Big data are data sets that are rapidly generated and come from a variety of sources. Together, they create a huge array of data that can be used for analysis, forecasts, statistics, and decision-making.
The term “big data” only appeared in 2008, when Nature editor Clifford Lynch stated that the amount of information in the world was growing too fast. Until 2011, big data was only used in science and statistics. Since 2014, the world’s leading universities and IT giants – IBM, Google, and Microsoft – have been collecting and analyzing data.
Big data is a huge volume of structured and unstructured information. Big data also includes technologies that are used to collect, process data and use it in work.
Big data can include social media feeds, traffic sensors, satellite imagery, streaming audio and video streams, bank transactions, events at 22Bet Uganda, web and mobile app content, telemetry from cars and mobile devices, and financial market data.
Tech companies almost never delete collected information, because it could be worth many times more tomorrow than it was yesterday. And even today, it’s already generating billions in profits for many companies. The first versions of the Hadoop big data storage system did not even have a “Delete Data” command: no such function was intended.
As an example, Facebook. The company uses information about user behavior to recommend news, products within the social network. Knowledge about the audience increases users’ interest and motivates them to visit the social network as often as possible. As a consequence, Facebook’s profits grow.
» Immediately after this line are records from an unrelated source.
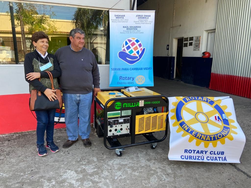 Mediante una gestión realizada ante el Rotary Club Buenos Aires, el Rotary Club de Curuzu Cuatiá dono al cuartel de Bomberos Voluntarios un Grupo Electrógeno de Alta Potencia.
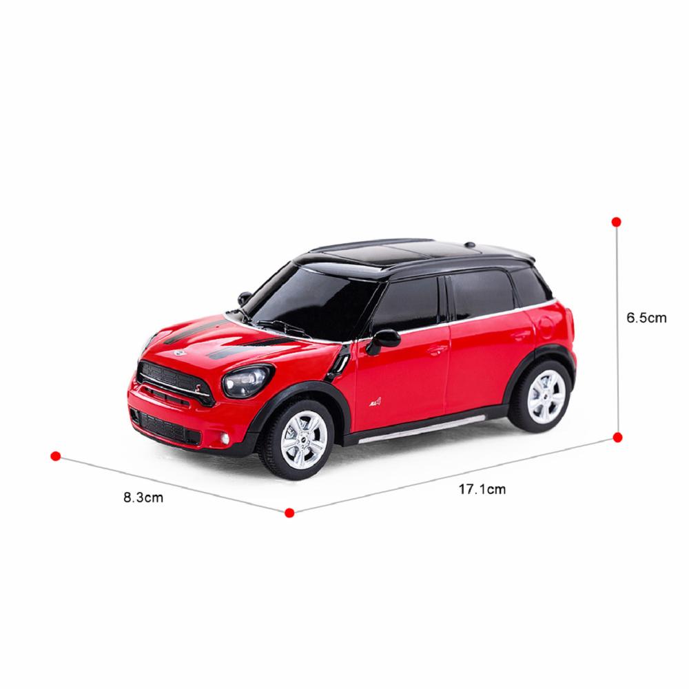 Mini Cooper S Countryman está diseñado para los amantes del lujo y las altas velocidades. Se realiza una copia en miniatura manejable y realista de un automóvil real con detalles precisos en una escala de 1:24. La máquina es controlada por un control remoto. La máquina se mueve hacia adelante y hacia atrás, gira a la derecha, a la izquierda y se detiene. Las ruedas del juguete están recubiertas de goma y brindan un andar suave, la máquina no daña el revestimiento del piso
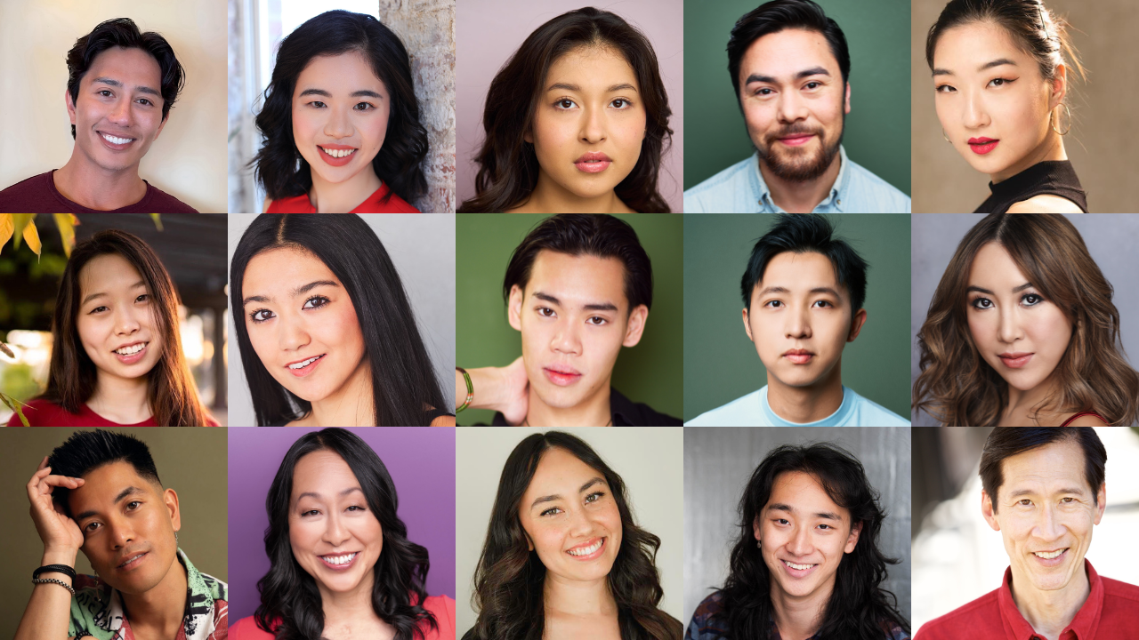The ensemble/understudy cast of RODGERS AND HAMMERSTEIN’S FLOWER DRUM SONG at East West Players. Top (L-R): Joven Calloway, Ai Toyoshima, Avelina Sanchez, Brian Liebson, Esther Lee, Emma Park, Gemma Pedersen, Ethan Yaheen-Moy Chan, Haoyi Wen, Hillary Tang, IJay Espinoza, Sally Hong, Sierra Goria, Tony Jin, and Paul Wong.
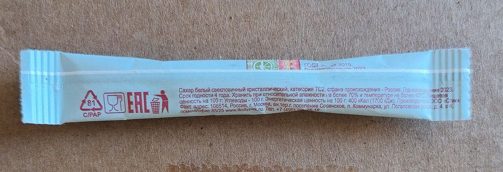 Сахар, сахарные пакетики, РФ, Смоленск, 5 гр.

And Google doesn’t just give search results based on keywords in a search query. It also takes into account the history of previous queries and the user’s interests.
The performance of computing systems has grown a lot in recent years. This can be seen in the graph of the growth in the number of transistors over the last 50 years.
There is no clear criterion for how much data can be called “big”. It’s a metric that is time and capacity dependent. For example, 30 years ago, a 10 MB hard drive was considered to hold a lot of data. In 2022, big data is 100-150GB.
This characteristic describes the speed of data accumulation. Two factors determine the accumulation speed:
- The rate of accumulation from a single data source. For example, a social network stores information about how many times a user opened a page on their computer or in an app on their smartphone. Information can be stored dozens of times a day.
- Data can also be collected from production equipment, which transmits important indicators about its state. This information can be generated 10-100 times per second.
- Number of data sources. For example, a social network has millions of users around the world. If we collect information on each user, the rate of accumulation will be – millions of records per second.
At the same time, there can be several tens of manufacturing equipment at one plant. And the final data accumulation rate will be up to a thousand records per second.
Data can differ both in content and in the type of data: structured, weakly structured and unstructured.
To build a big data management and data analytics system, you need to understand what types of data are used:
- Structured is strictly organized data. For example, in Excel, everyone works with structured data.
- Loosely structured – this is usually what is called Internet data. This includes information obtained from social networks, or the history of visiting websites. Thus, JSON and XML have a weakly structured data format. Because of the simplicity JSON is used more often, but on the basis of XML can be built more complex data structures.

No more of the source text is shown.